Whether the gentrification process is good or bad for neighborhoods, and for the lower-income people who live there, is something that can be debated endlessly. But what is strikingly different about the Bay Area in contrast to a place like New York is the fact that New York has so many more walkable, pre-war neighborhoods located on rail transit, within easy commuting distance of Manhattan. When New York neighborhoods like Soho and the Village got too expensive, for example, the Lower East Side became a major center for artists and other members of the cultural avant-garde. When the Lower East Side got too expensive, people went across the East River to Williamsburg. Next came Fort Green, Dumbo, Red Hook and other neighborhoods in Brooklyn that were still cheap.
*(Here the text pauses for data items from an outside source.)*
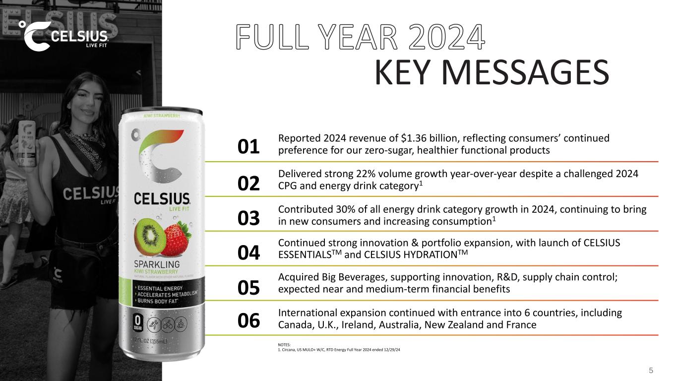AT A GLANCE PRODUCT LINES: CORE | VIBE | ESSENTIALS ON THE GO POWDERS | HYDRATION GROWTH BRAND IN RTD ENERGY1 RETAIL SALES IN THE U.S.1 FY 2024 FINANCIAL HIGHLIGHTSA CATEGORY GROWTH LEADER • Revenue: $1.36B • Gross Margin: 50.2% • Net Income: $145M • Adjusted EBITDA: $256M • Adjusted EBITDA Margin: 18.9% • Celsius contributed 30.3%1 of all energy drink category growth YoY in 2024 • #3 energy drink brand in the U.S.1 with total U.S. share of 11.8% in tracked channels in 2024 • 98.7% ACV1; Sold in over 241,000 outlets across the United States NOTES: 1 Circana TOTAL U.S. MULO+ W/C Full Year 2024 RTD Energy Ended 12.29.24 LIQUID REFRESHMENT BEVERAGE (LRB) BRAND IN THE U.S.1 PREMIUM BRAND | FUNCTIONAL INGREDIENTS | ZERO SUGAR 4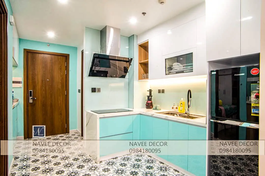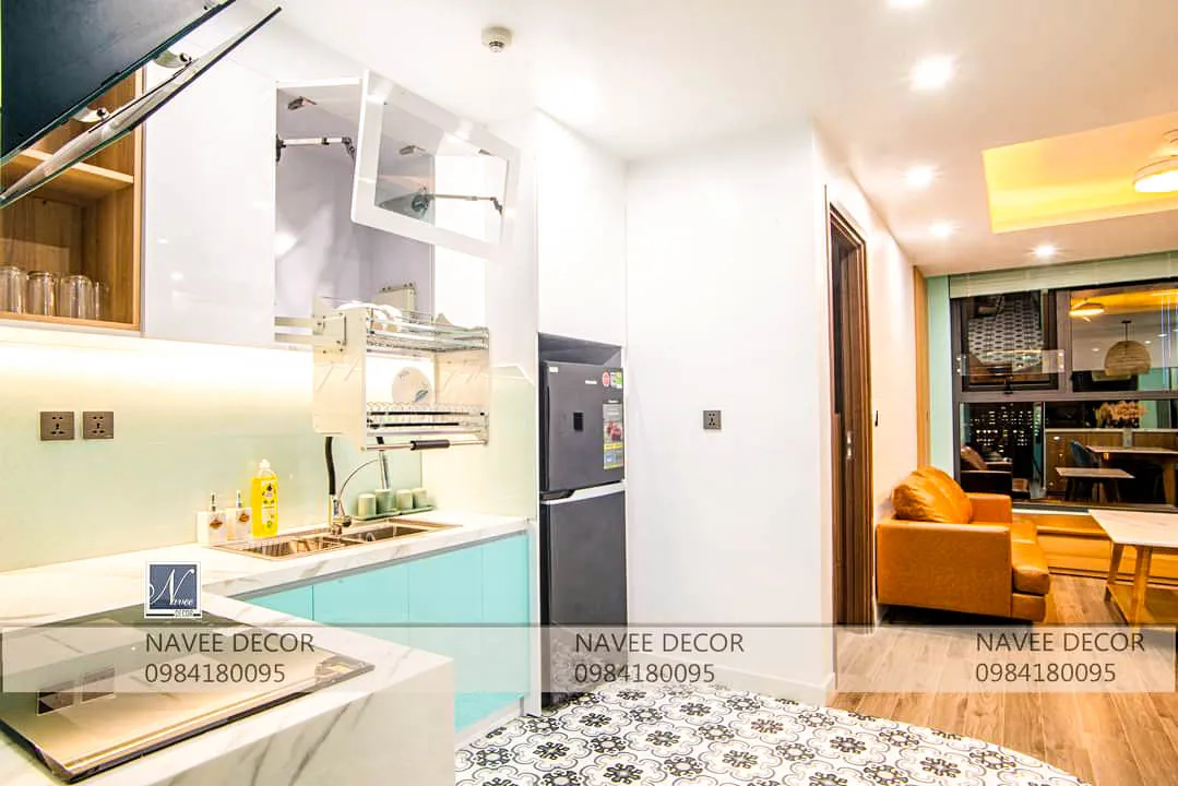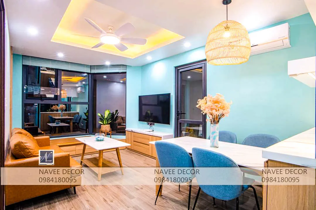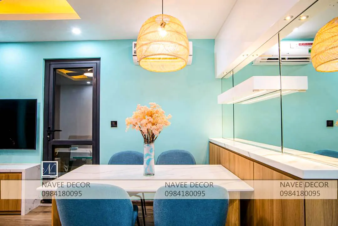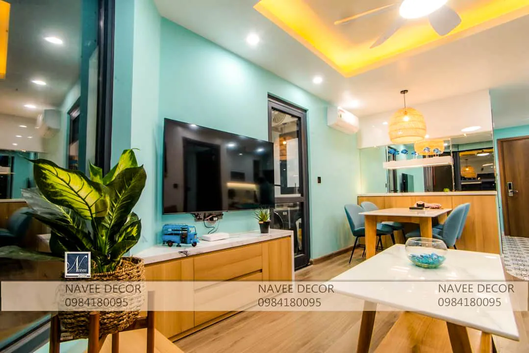 Với đặc thù căn hộ diện tích vừa phải, bài toán đặt ra không chỉ là đẹp mà còn phải tối ưu công năng. Thiết kế không gian mở liên kết phòng khách – bếp – bàn ăn, giúp tăng chiều sâu thị giác, sử dụng tone màu xanh mint chủ đạo mang lại cảm giác tươi mới, kết hợp cùng gỗ sáng màu và ánh sáng vàng ấm cân bằng giữa hiện đại và ấm cúng.
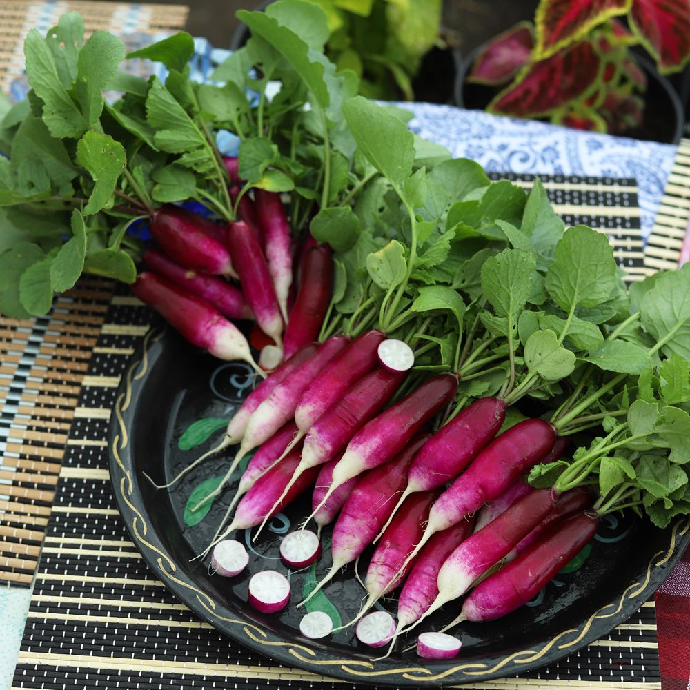 Среднеранний сорт, период от всходов до сбора корнеплодов 25-28 дней. Рекомендуется для выращивания в открытом грунте, весенних теплицах, плёночных укрытиях. Корнеплоды удлинённо-цилиндрической формы, необычной, сине-фиолетовой окраски, с белым кончиком. Мякоть белая, нежная, очень сочная, вкус слабоострый, приятный.

But as every spot in Brooklyn with a good rail connection to the city gets more expensive, there still is Queens, the Bronx, Newark, the towns up the Hudson — walkable neighborhoods in every direction.
As expensive as Manhattan is, and as far along into the gentrification process as the many surrounding communities are, there are still many places to go within the New York orbit to have an affordable, urban way of life.
We can’t solve affordable housing or transit access within the limits of any one city.
In the Bay Area, there are far fewer options that fit the criteria of walkable, transit-proximate and affordable. For many of my friends, there is just one: Oakland. This is what people mean when they say Oakland is the Brooklyn of the Bay Area. It’s the next stop on the train, it’s cool, it’s where young people go now.
The affordability issue isn’t as acute in Seattle as it is in San Francisco or Manhattan, but the lack of a “safety valve” like Brooklyn or Oakland is even worse. Really, outside of a few neighborhoods in Seattle and possibly some small parts of other cities, there are no walkable neighborhoods. As people who want an urban lifestyle get priced out of those neighborhoods, there’s really no where else to go.